- Assigned task
Write out exactly, excluding pictures, the lines from the one containing "Слайд 46Задача 2." through the end of the data, both included.

- Raw data
= Beginning of Section =

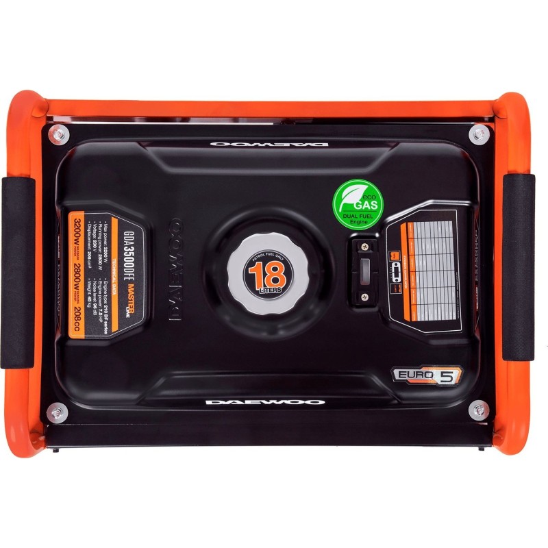 Der Daewoo GDA 3500 DFE hebt sich von anderen Generatoren ab, da er über ein Dual-Fuel-System verfügt. Was bringt uns das? Neben der Versorgung des Generators mit Benzin können wir auch ein Propangas-Butangas-Gemisch als Energiequelle nutzen. Das Gas wird größtenteils in der Brennkammer des Motors verbrannt, sodass während des Betriebs weniger schädliche Abgase ausgestoßen werden. Ein solches Kraftstoffsystem ermöglicht eine bis zu 1,5-mal längere Lebensdauer des Motors. Natürlich betragen die Betriebskosten eines Zweistoffaggregats im Vergleich zu einem Benzinaggregat etwa 50 %.
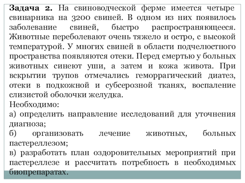 Слайд 46Задача 2. На свиноводческой ферме имеется четыре свинарника на 3200
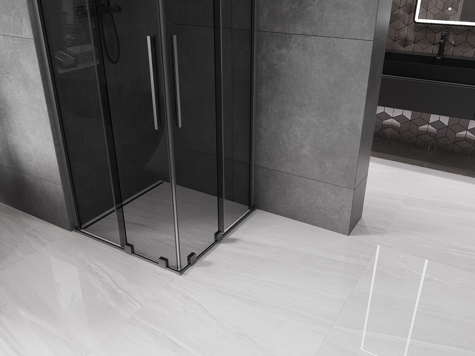 Mexen Velar Duo sliding shower cabin 80 x 80 cm, graphite, brushed gun gray - 871-080-080-42-66

= End of Section =

- Your response
 Слайд 46Задача 2. На свиноводческой ферме имеется четыре свинарника на 3200
 Mexen Velar Duo sliding shower cabin 80 x 80 cm, graphite, brushed gun gray - 871-080-080-42-66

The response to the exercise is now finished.